Em paralelo, o índice Dow Jones subia 0,54%, enquanto o S&P 500 ganhava 0,24% e o Nasdaq avançava 0,49%. Pela segunda sessão seguida, o índice também renovou a máxima histórica intradiária ao ultrapassar os inéditos 191.003 alcançados ontem. O novo recorde é de 191.597,66 pontos. 

No entanto, perdeu força ao longo da tarde, com realização de lucros — especialmente em ações de bancos, que vinham acumulando ganhos — e encerrou em queda de 0,88%, aos 188.853 pontos. Apenas 18 papéis fecharam no campo positivo.

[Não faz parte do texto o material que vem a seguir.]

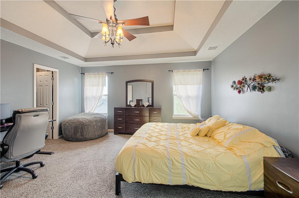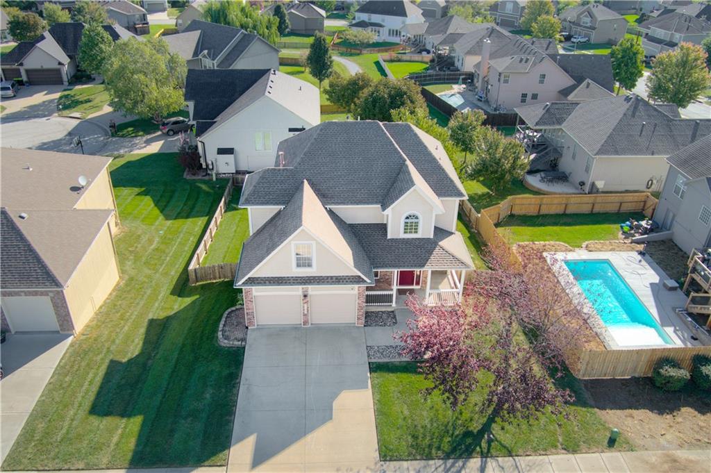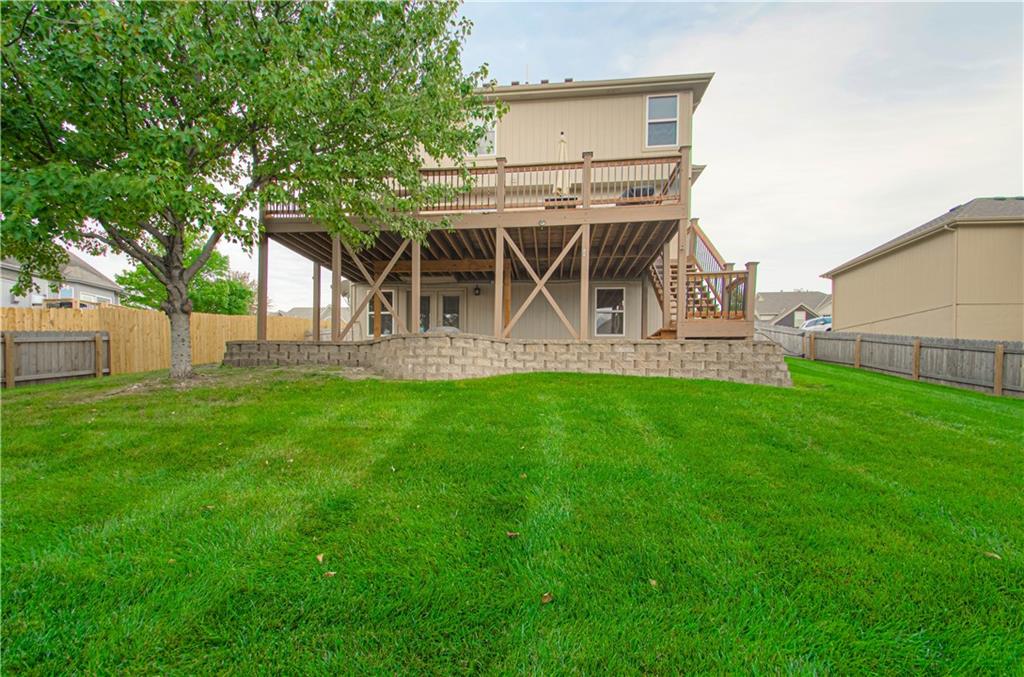 STANDOUT 2-Story in Summerfield East!! Quality and Condition Shine in this pristine 4-bed, 3.5 bath turn-key home with true move-in-ready appeal. Big-Ticket Improvements—including NEW HVAC & Water Heater, upgraded stainless appliances, and a long list of MORE—invite your confident transition. With updates throughout, the open main level provides flexible living and entertaining space, while the finished walk-out basement with full-bath adds room for a home office, guest suite, or recreation area. Enjoy outdoor living and spectacular views on the nearly new 28’x16’ deck, or from the brick patio with built-in firepit, and a fully fenced backyard—ideal for both relaxing and hosting in style. Upstairs, the spacious primary suite features a large walk-in closet with built-ins and a spa-like bath with whirlpool tub, separate shower, and double vanity. Generous secondary bedrooms are highlighted by the convenience of second-level laundry with washer & dryer that stay. Bonus enhancements include an EV-ready garage with insulated doors for energy conscious comfort. Located less than a block from the neighborhood pool, near Lake Remembrance, within the award winning Grain Valley School District, this east Blue Springs home is Made For The Way You Live Today.

Nesta manhã, o movimento é de recomposição. Sobem as ações da Vale (VALE3), da Petrobras (PETR3 e PETR4), enquanto as ações de grandes bancos, que subiam em bloco no início do pregão, registravam desempenho misto. 

As preferencias do Itaú (ITUB4) e do Bradesco (BBDC4) registram ligeira queda de 0,19% e 0,9%, respectivamente. As Units do BTG (BPAC11) também caem 0,76%.

No câmbio, o dólar comercial, que operava em leve alta, virou para leve queda. Às 12h14, a moeda americana recuava 0,10%, cotada a R$ 5,163.

Tarifas seguem no radar

O pano de fundo segue sendo o cenário externo. As tensões comerciais voltaram ao radar após os Estados Unidos implementarem, a partir desta terça, uma tarifa adicional temporária de 10% sobre produtos importados que não estejam contemplados por isenções.

A medida foi formalizada pela alfândega americana após anúncio do presidente Donald Trump depois de a Suprema Corte ter derrubado as chamadas tarifas “recíprocas”.

A nova alíquota substitui a promessa anterior de elevação para 15%, mas mantém o ambiente de incerteza. Importadores ainda avaliam a possibilidade de pedir reembolsos bilionários, enquanto parceiros comerciais aguardam definições sobre acordos já firmados. O cenário contribui para a cautela global.

Em Wall Street, os índices futuros operam sem direção única: o Dow Jones Futuro avançava 0,10%, o S&P 500 Futuro subiam 0,20%, enquanto o Nasdaq Futuro recuavam 0,10%, refletindo também preocupações com os impactos da inteligência artificial sobre empresas de tecnologia e software.

Além das tarifas, investidores monitoram dados da economia americana e discursos de dirigentes do Federal Reserve (Fed), em busca de sinais sobre os próximos passos da política monetária. Persistem ainda tensões geopolíticas envolvendo Estados Unidos e Irã, que adicionam volatilidade aos mercados.

No Brasil, a agenda corporativa ganha destaque após o fechamento do mercado, com a divulgação dos resultados de C&A (CEAB3), GPA (PCAR3), Iguatemi (IGTI11) e ISA Energia (ISAE4).

No campo político, o presidente Luiz Inácio Lula da Silva cumpre agenda internacional e participa de reunião de trabalho em Abu Dhabi com o presidente dos Emirados Árabes Unidos, Mohammed bin Zayed Al Nahyan, após deixar Seul.